- Born: 1930 Washington, DC, US
- Died: May 25, 2003 (aged 72) Washington, DC, US
- Employers: Central Intelligence Agency; United States Department of Defense;

= Kenneth Katzner =

American linguist

Kenneth Katzner (1930 − May 25, 2003) was an American linguist. An expert on the Russian language, Katzner worked as an analyst on Soviet affairs for the Central Intelligence Agency and the United States Department of Defense during the Cold War, and was an author of several notable works on the Russian language.

==Biography==
Kenneth Katzner was born in Washington, D.C., and was raised in Forest Hills, New York. He studied Russian at Cornell University, from which he graduated in 1952. Having received intensive Russian language training at the Syracuse University Language Program, Katzner later served in the Air Force in England as a communications intelligence officer.
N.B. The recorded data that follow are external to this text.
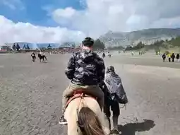 You’ll walk across a vast sandy plain, known as the "Sea of Sand," which kicks up a lot of fine volcanic dust—so I highly recommend wearing an N95 mask if you’re sensitive to it. Along the path, you’ll meet plenty of locals offering horse rides, but I found the short trek on foot to be quite manageable and rewarding. Climbing the staircase up to the crater rim is fairly easy for anyone with average to above-average fitness.🐎
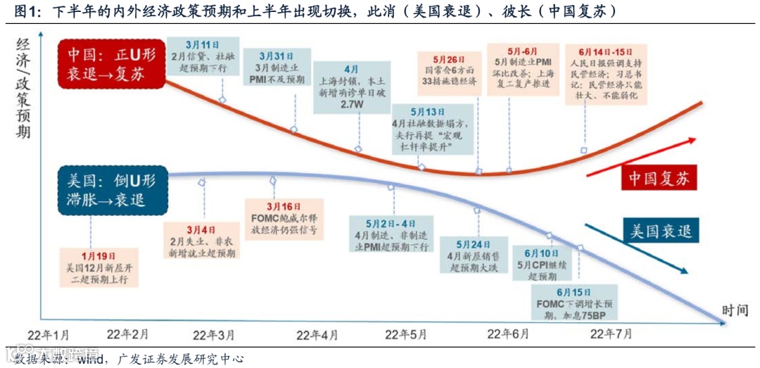 我们自6月以来持续提示,中国及海外经济运行形态和政策储备从容性再度错位,“此消彼长”格局下中国资产逐渐具备全球相对优势,是捕捉A股结构性机遇的线索。我们在6.19《“此消彼长”独立行情的三条主线》(点击标题查看原文)中强调“此消彼长”的中国优势是A股独立行情的基础;在6.25《A股22年中期策略展望:此消彼长,水到渠成》(点击标题查看原文)进一步阐述了中美经济周期再度错位及中国政策储备的从容性带来了资产比价优势:美国经济形态“倒U型”,从滞胀到衰退,5月之后美国“通胀魅影”难消,政策腾挪空间有限而衰退压力升温;中国经济形态“正U型”,从衰退到复苏,决策层持续释放恢复经济活力的信号。
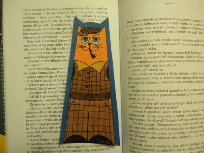 Záložka je vyrobena z tvrdé barevné čtvrtky a barevného papíru (pozadí).

In the 1960s, Katzner was a writer and editor in New York City, contributing to Encyclopædia Britannica and The American Heritage Dictionary of the English Language.

An authority on the Russian language, Katzner worked as a Soviet expert in the Central Intelligence Agency during the 1970s, and for the United States Department of Defense in the 1980s and 1990s.
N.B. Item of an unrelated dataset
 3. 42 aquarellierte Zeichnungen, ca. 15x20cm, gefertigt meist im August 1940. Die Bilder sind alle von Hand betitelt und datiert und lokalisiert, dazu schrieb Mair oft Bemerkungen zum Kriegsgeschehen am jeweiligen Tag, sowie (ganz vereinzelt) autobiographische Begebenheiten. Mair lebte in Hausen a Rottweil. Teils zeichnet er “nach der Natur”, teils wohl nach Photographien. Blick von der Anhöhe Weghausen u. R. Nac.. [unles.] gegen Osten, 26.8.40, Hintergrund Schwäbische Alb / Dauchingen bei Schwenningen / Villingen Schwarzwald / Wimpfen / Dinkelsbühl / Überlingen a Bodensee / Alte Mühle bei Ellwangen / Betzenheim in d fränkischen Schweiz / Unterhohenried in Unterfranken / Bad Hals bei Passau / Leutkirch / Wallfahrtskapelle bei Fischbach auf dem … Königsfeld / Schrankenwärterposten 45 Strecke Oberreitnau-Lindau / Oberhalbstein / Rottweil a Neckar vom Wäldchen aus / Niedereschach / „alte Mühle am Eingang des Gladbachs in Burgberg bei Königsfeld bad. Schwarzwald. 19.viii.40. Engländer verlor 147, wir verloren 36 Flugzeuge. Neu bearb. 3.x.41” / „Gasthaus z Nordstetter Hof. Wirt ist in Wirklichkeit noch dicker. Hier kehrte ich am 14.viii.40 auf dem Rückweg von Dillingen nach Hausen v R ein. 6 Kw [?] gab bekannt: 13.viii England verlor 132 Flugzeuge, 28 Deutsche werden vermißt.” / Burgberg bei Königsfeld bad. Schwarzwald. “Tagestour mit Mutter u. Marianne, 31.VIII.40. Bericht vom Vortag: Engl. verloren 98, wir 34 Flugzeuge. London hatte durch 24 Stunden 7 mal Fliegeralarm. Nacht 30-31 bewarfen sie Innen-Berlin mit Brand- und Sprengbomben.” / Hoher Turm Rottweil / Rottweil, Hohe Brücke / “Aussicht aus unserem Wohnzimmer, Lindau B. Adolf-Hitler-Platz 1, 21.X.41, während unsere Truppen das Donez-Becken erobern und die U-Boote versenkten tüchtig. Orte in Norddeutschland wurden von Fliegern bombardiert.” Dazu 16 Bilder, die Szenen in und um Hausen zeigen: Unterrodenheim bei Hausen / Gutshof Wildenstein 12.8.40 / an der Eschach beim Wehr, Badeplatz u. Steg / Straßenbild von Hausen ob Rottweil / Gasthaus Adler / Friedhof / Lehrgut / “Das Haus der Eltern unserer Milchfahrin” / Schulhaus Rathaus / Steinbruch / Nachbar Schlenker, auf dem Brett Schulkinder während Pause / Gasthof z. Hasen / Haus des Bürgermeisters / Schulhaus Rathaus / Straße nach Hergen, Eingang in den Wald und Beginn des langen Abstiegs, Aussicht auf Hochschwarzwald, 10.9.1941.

Katzner was the author of several works on linguistics and Russian affairs, and his books were used as reference guides by journalists. His English-Russian, Russian-English Dictionary, which Katzner had worked on for 18 years, sold in the hundreds of thousands and was pirated in the former Soviet Union. He continued working on new editions of this work up to the time of his death.

Katzner was an avid photographer and a skilled bridge player. His wife of 36 years was Betty Lenson Katzner of Washington. Katzner died of lung cancer at Sibley Memorial Hospital on May 25, 2003, at the age of 72. He was survived by his wife.